Photo Credit: Ilya Lukichev
The following is a summary of “Understanding choroidal nevus risk factors for transformation into melanoma,” published in the February 2024 issue of Dermatology by DeSimone, et al.
Choroidal nevi are common intraocular tumors in the United States, occurring in approximately 5% of Caucasian adults. These nevi pose several risks, including vision loss from subfoveal nevi, subretinal fluid accumulation, and potential transformation into malignant choroidal melanoma. For a study, researchers sought to identify clinical risk factors predictive of benign melanocytic choroidal nevus transformation into malignant melanoma. Analyzing 2,355 cases longitudinally using multimodal imaging, we identified specific clinical features associated with this transformation.

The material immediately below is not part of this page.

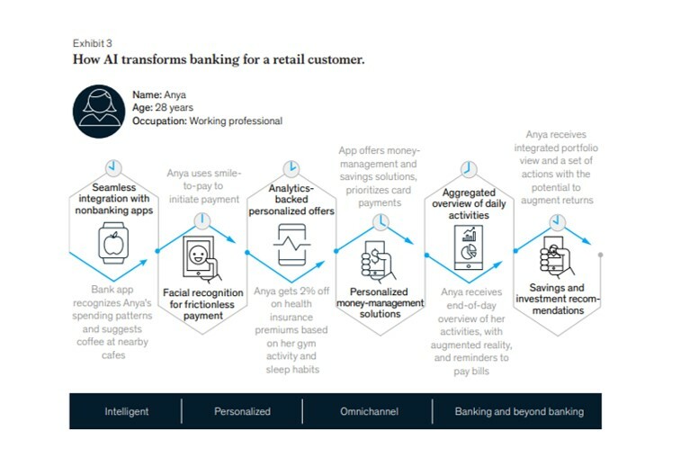 No fantástico estudo da McKinsey que você pode ver no link abaixo, constatamos que toda a cadeia na qual um banco pode estar inserido terá embedado camadas e mais camadas de AI.

These features include tumor thickness exceeding 2 mm on ultrasonography, presence of subretinal fluid on optical coherence tomography, symptomatic vision loss of 20/50 or worse, presence of orange pigment on fundus autofluorescence, detection of a melanoma hollow on ultrasonography, and diameter greater than 5 mm on fundus photography. These factors are remembered with the mnemonic “TFSOM-DIM” (“To Find Small Ocular Melanoma Doing Imaging”).
Analysis of these factors revealed a Kaplan-Meier mean five-year risk ranging from 1% with no risk factors to 55% with all five factors present. Combinations of four or five risk factors show particularly high rates of transformation, underscoring the importance of recognizing clinical and imaging features indicative of malignant transformation in choroidal nevi.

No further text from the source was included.